Lastly, we also make the continuous effect variables categorical:

def binning(x, mean, std):
    """
    Maps x to a string, based on the mean and standard deviation:
    low: 1 std dev below the mean
    high: 2 std dev above the mean
    medium: everything else
    """
    if x < mean - std:
        return "low"
    elif x > mean + 2*std:
        return "high"
    else:
        return "medium"

def label_by_std(df, col_name):
    """
    Labels column entries based on categorical standard deviation
    """
    std = df[col_name].std()
    mean = df[col_name].mean()
    is_low = lambda x: x < mean - std
    is_high = lambda x: x > mean + 2*std
    df[f'{col_name}_bin'] = df[col_name].apply(
        lambda x: binning(x, mean, std)
    )
    return df

df_hour = label_by_std(df_hour, 'num_total_users')
df_hour = label_by_std(df_hour, 'num_casual_users')
df_hour = label_by_std(df_hour, 'num_registered_users')
def high_total_users(df, t):
    return int(df.loc[t, 'num_total_users_bin'] == 'high')

def low_total_users(df, t):
    return int(df.loc[t, 'num_total_users_bin'] == 'low')

def high_casual_users(df, t):
    return int(df.loc[t, 'num_casual_users_bin'] == 'high')

def low_casual_users(df, t):
    return int(df.loc[t, 'num_casual_users_bin'] == 'low')

def high_registered_users(df, t):
    return int(df.loc[t, 'num_registered_users_bin'] == 'high')

def low_registered_users(df, t):
    return int(df.loc[t, 'num_registered_users_bin'] == 'low')

7.4.3 Tools and Library

We use the Pandas and Numpy libraries.

7.4.4 Procedure

7.4.4.1 Using type-level relationships to explain observed events

We use part of Algorithm 1 to identify significant type-level relationships from the time-series dataset that explain why bike rentals are high/low.

Here are the steps in the process:

  1. Identify the type-level relationships in the dataset
  2. Compute causal significance of the type-level relationships, \(\epsilon_{avg}(c_{r-s},e)\)

We aim to evaluate the significance of each type-level cause for each instance of high bike rentals. For each instance of high bike rentals, we use a significance threshold or only keep the top \(k\) relationships to partition the relationships/events into those for which sufficiently significant type-level causes have been found and those for which sufficiently significant type-level causes have not been found. Any instances of high rentals that are not explained by type-level causes would be used as input for Algorithm 2.

7.4.4.1.1 Identify token-level relationships

We find type-level relationships by aggregating token-level events. We will pass through the dataset, and at each point, we will use the values of the various variables to identify prima facie causes.

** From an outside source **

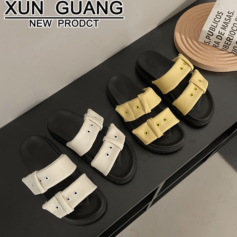 时尚厚底增高拖鞋女外穿夏季新款百搭皮带扣一字休闲沙滩鞋

Recall that a prima facie cause is a type-level relationship of the form \(c \leadsto {}^{\geq r, \leq s}_{\geq p} e\)

import numpy as np

V = len(labelers)  # number of variables
T = df_day.shape[0]  # number of time steps
D = np.zeros((T, V), dtype=np.int32)  # time-series

for t in range(T):
    for i in range(V):
        D[t, i] = label_fns[i](df_day, t)

variable_names = idx2labeler.values()
df_D = pd.DataFrame(D, columns=variable_names)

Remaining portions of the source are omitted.